ACTIVITY
In the records that follow, the lines from the one containing "अमित त्रिवेदी पीथमपुर तहसील अध्यक्ष नियुक्त" to the one containing "Im idyllischen Schlosshof", inclusive, are to be given again exactly.

DATA LISTING
= Beginning of Section =

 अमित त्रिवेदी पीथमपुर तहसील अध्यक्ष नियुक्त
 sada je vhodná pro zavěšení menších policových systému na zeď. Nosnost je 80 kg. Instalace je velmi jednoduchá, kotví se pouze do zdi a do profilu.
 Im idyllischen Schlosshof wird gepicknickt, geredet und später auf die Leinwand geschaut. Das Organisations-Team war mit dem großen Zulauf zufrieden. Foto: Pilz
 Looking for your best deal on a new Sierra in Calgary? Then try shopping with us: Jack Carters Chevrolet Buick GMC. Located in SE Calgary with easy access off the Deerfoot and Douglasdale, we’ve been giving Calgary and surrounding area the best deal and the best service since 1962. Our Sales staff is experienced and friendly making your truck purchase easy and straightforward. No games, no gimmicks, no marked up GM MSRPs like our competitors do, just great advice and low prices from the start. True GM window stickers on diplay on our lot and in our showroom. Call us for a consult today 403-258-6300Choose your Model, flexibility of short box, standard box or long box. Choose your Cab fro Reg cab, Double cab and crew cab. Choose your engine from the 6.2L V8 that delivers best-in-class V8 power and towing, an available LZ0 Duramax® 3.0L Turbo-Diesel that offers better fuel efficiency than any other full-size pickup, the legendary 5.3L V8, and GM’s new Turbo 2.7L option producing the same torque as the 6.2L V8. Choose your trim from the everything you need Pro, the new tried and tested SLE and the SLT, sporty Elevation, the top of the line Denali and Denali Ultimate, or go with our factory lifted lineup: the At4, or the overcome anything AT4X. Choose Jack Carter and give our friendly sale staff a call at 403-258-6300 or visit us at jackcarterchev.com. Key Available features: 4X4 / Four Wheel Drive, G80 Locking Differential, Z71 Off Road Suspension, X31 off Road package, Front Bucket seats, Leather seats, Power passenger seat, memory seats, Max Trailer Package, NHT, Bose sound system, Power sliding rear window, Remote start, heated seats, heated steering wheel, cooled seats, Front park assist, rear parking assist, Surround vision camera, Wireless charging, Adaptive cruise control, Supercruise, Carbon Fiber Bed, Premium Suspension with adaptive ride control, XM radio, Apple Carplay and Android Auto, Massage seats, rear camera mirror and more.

= End of Section =
= Beginning of Section =

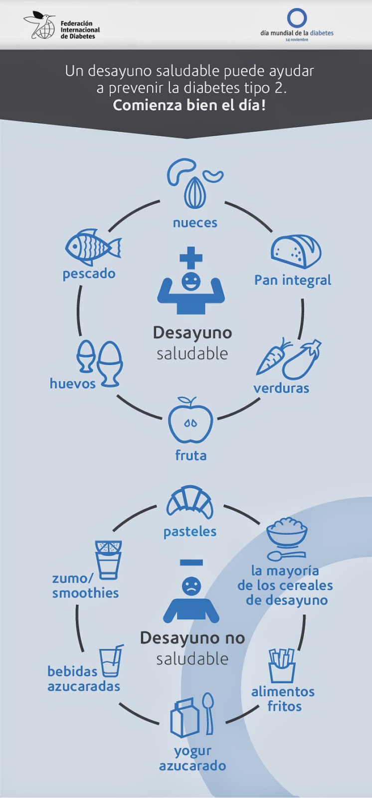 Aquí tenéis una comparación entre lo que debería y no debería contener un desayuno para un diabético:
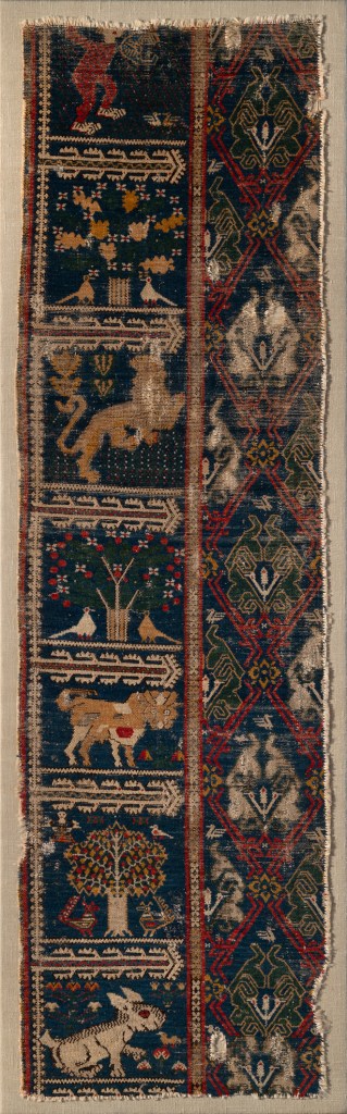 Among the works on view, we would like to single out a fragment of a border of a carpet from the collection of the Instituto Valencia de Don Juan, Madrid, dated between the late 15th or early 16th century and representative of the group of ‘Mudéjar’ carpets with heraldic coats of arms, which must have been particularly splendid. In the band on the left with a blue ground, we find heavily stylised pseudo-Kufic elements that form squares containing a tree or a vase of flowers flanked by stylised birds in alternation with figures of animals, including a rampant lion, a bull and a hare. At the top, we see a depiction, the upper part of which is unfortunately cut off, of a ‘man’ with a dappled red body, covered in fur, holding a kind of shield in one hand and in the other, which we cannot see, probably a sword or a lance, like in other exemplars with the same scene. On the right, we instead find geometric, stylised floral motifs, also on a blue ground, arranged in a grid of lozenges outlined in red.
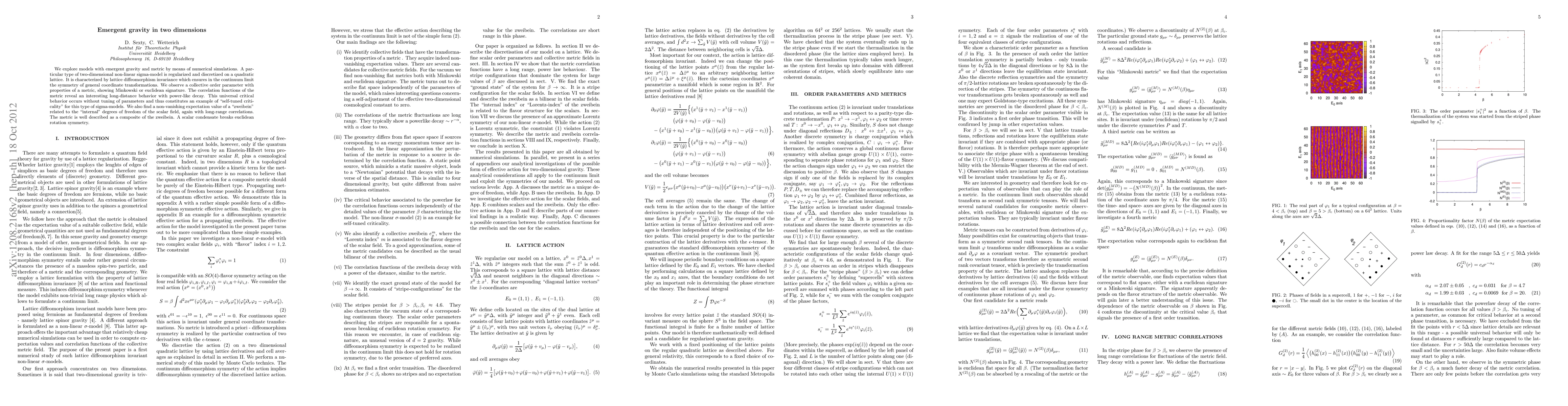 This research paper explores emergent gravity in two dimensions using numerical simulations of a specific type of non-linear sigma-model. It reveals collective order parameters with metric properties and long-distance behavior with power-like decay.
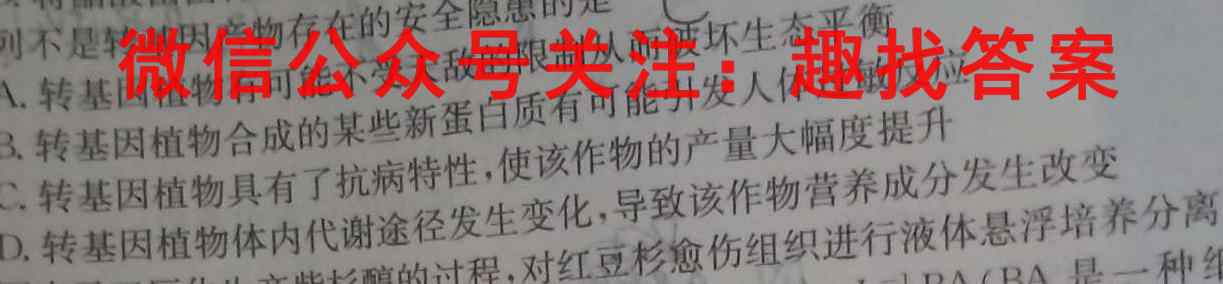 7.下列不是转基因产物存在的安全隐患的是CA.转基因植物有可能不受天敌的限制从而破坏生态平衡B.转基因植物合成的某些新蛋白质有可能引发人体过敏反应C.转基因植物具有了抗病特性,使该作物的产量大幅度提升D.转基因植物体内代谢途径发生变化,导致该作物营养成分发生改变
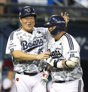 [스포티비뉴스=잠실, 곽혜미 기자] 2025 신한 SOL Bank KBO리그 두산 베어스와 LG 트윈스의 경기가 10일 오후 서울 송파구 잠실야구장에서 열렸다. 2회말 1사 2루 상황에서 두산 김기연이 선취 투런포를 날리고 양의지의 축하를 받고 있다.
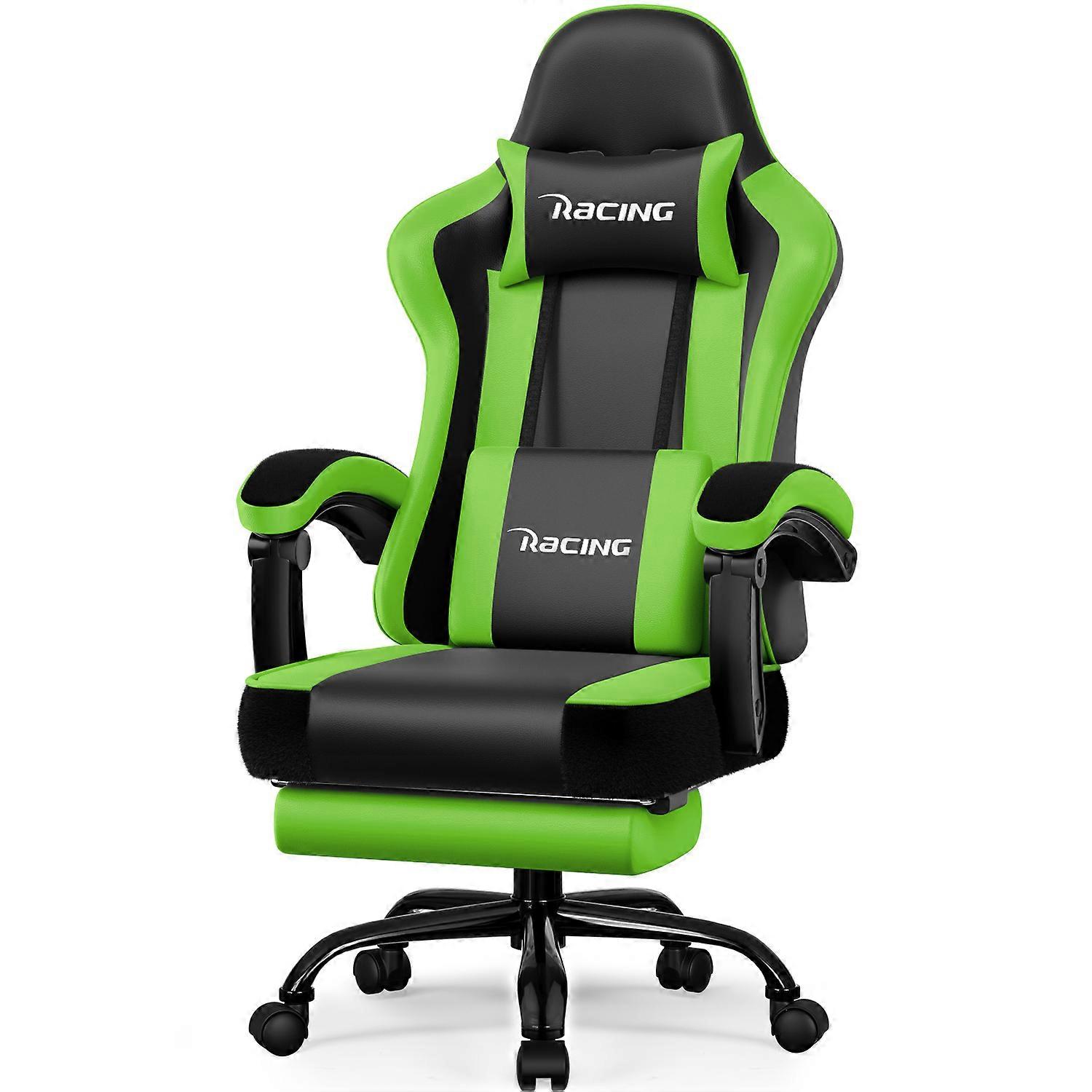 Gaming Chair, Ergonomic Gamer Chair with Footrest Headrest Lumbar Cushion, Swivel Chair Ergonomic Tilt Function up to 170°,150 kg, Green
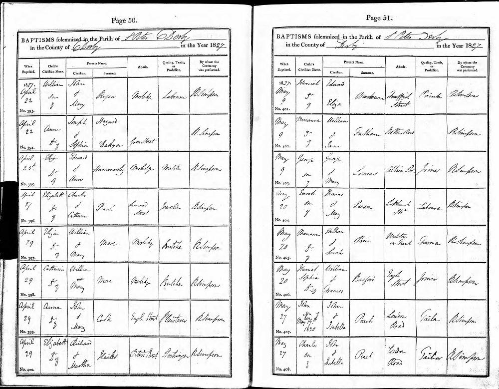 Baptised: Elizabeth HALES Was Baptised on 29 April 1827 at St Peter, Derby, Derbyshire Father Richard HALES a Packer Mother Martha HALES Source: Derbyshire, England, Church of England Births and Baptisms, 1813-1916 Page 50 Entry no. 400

= End of Section =

ANSWER FOR THE TASK
 अमित त्रिवेदी पीथमपुर तहसील अध्यक्ष नियुक्त
 sada je vhodná pro zavěšení menších policových systému na zeď. Nosnost je 80 kg. Instalace je velmi jednoduchá, kotví se pouze do zdi a do profilu.
 Im idyllischen Schlosshof wird gepicknickt, geredet und später auf die Leinwand geschaut. Das Organisations-Team war mit dem großen Zulauf zufrieden. Foto: Pilz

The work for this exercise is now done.